A Funny Thing
By: Daniel E. Kramer
Love is a strange thing. It hits you, crushing every part of your being. We all experience its power. Sometimes we love without knowing, without regard to care, and without fear, yet we somehow do it with ambition and purpose. Sometimes we love another person without them ever even knowing it. You know those lovely infatuations of the mind. You and I both have the ability to create a love affair in the mind’s eye. Futures are built, sometimes entire worlds, entire lifetimes, are spent in the daydream of “what could be,” or “what could have been.”
We all know what I am talking about, the lost loves, the ones we knew but which are gone now, the ones that never were, the ones that never will be, and the kind that only live in the space between your ears. Do you ever wonder, think about another, and ponder if maybe by chance they too are thinking of you at that very same moment? Do you ever get lost in the thoughts of your friends, your family, your significant other? Do you ever let yourself get lost in the mind's image of something that could be, the daydreamer unleashed? Love drives you to think about old friends, lost loved ones, moments with them, and the feelings come up. They are always with you, just as a light gives off an invisible heat, so to do the memories of a mind. I wake to see these memories; mostly they are good, sad sometimes though too. It is funny how time changes events for a human’s mind.
I walked the stairs last night to see a small stain that has been left on the tile for over a year now. It was a mark left by my dog, the kind of accident where he got sick and did not make it outside in time. It remains now, as a living memory, at least the part that didn’t come out with the cleaning and scrubbing. At the time I was angry that it happened, and I remember as I cleaned it my inability to get it all off no matter how hard I scrubbed. For some reason it endured, for some reason, I could not wipe it into the oblivion of the past. It was a marker event, the moment that everything changed, the moment that marked the downfall of that poor little, sweet spirited dog. His kidneys had begun to fail, and that was the first sign, leading to the next two weeks of vet visits and slow goodbyes. Caught in his prime, lost unto a young death, we said goodbye to him. Time moves on though, and now when I see that spot, a smile emerges. I know now that I will never try again to get rid of that stain. It is a little piece of what was, still left for only me to remember, for only me to know where it is to see. Like I said love is a funny thing, and it makes us do strange things sometimes, like leaving a stain as a memory, like becoming a hoarder of the scraps of that which still remains.
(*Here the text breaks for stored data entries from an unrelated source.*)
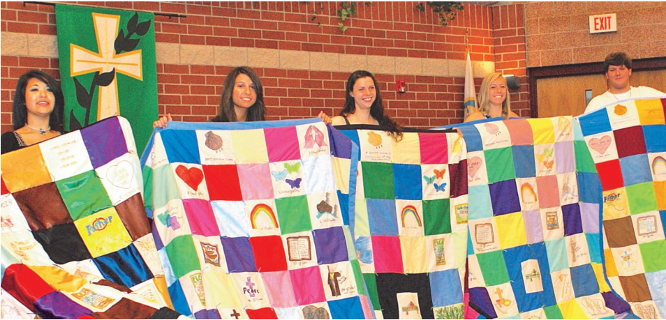
These seniors had their quilts blessed on June 6, 2010.
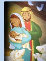
Jesus is Born

Until we return to having chapels inside the church building, I am unable to show videos to the kids. Below is the video we would have watched today. They are on YouTube so you can let your children watch them at your convenience, and as often as they like!
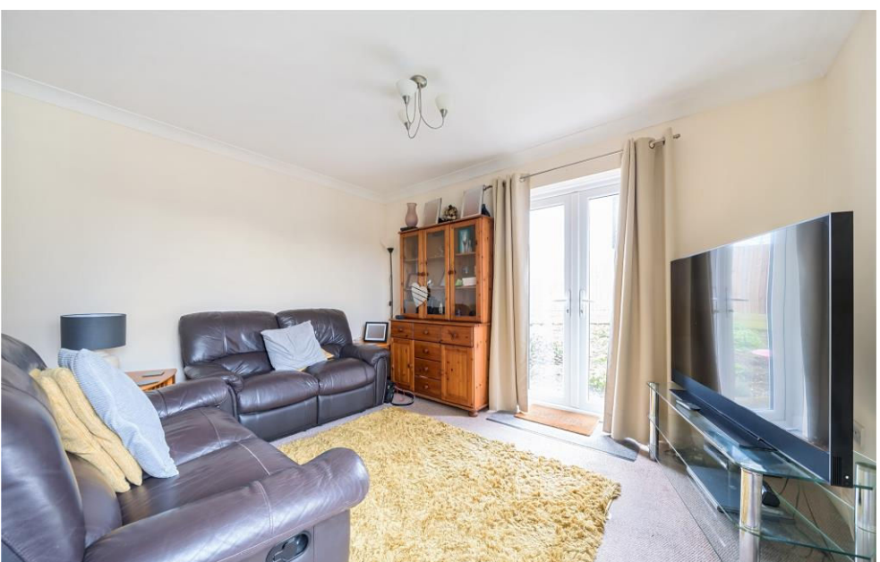
Call now to view this two bedroom ground floor apartment. The property is well presented and located with a short walk to Maidstone town centre and train stations. Both Maidstone east and west train stations provide a fast link to London. The apartment benefits from one allocated parking space and a communal garden.

MATERIAL INFORMATION Leasehold 167 Year Lease Service Charge: £2,112.00 p/a Council Tax Band (C) EPC Report (D)

Love always brings me back. Slowly it wears off, but then it rekindles when the fuel is supplied because of the thick bed of coals that is waiting just under the cooler crust. How thick though is your bed of coals? Are there ways to never forget, to keep the moment feeling like it is the first time? Just remember to remember this; that feelings won’t last forever so enjoy them now before it is too late. Sometimes things leave, and you never know what will come next. Sadness stays the spirit in times of love lost and things gone. When our loved ones are ripped away, recognize the love for what it is even with them now gone. Recognize that each day will bring uncertainty that is mixed with new love, new life, and new spirit. Bad things happen sometimes, and we mistake them as wrong or unfair, but often they are just the natural flows of an unknown and exotic terrain that we humans only barely understand how to navigate.
Mysterious beginnings await all of us. Just as they awaited my dying dog. Just as new love is scary, nerve racking, incredible, so too can be the end of life, the end of time or place, the end to a way of being. A rebirth is a form of newness, death too. They are both a form of change, and it is as certain as anything can be that it will come. Embrace it as the future path you never took, got the chance to see, the love that could have been turned into the love that still might be. What may come next is a question I hope you too get the chance to know and see. For certain, we all will be there soon together.
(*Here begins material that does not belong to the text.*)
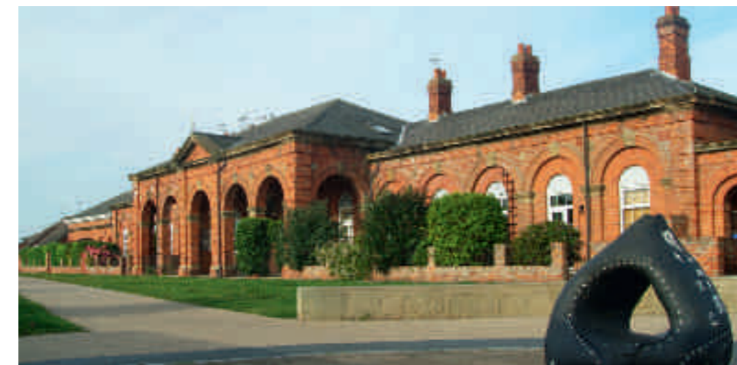
The attractive red-brick station building at Hornsea has been restored as private residences while in the foreground a piece of modern sculpture marks the start of the Trans-Pennine Trail to Southport.

From Sigglesothorne the level and straight Trail continues towards Hornsea passing the 'market days only' station of Wassand, now a private residence. It was originally named Goxhill but was renamed in 1904 and closed to passengers in 1953. Continuing northeastwards, the Trail enters a long cutting before passing the site of the demolished Hornsea Bridge station and ending in style at the superbly restored red-brick Hornsea Town station. Although the elegant canopy and platforms have long gone, the station buildings are now used for housing. In front of the station there is a paved area with a modern sculpture celebrating the end (or start) of the Trans-Pennine Trail from Southport. Car parking and the delights of Hornsea seafront are but a short distance away.

We the few, the lucky spirits that still live on to walk the earth and ponder. So impossible is any one of our existences, so impossible it is that of the trillions of possibilities I am me here today writing, and you are there today reading. Perfect in this moment our love of life leads us to go on looking into the past so that the future can know no bounds, hold no limit, and empower and free us by letting us all know that this too shall eventually pass. The good, the bad, the body the mind, the two halves that make us one loving whole. Just imagine, just daydream a little today about those loves yet to be had, those amazing new moments waiting for us all to find them. Just know that the saddest moments might bring us to something that we would never have thought possible.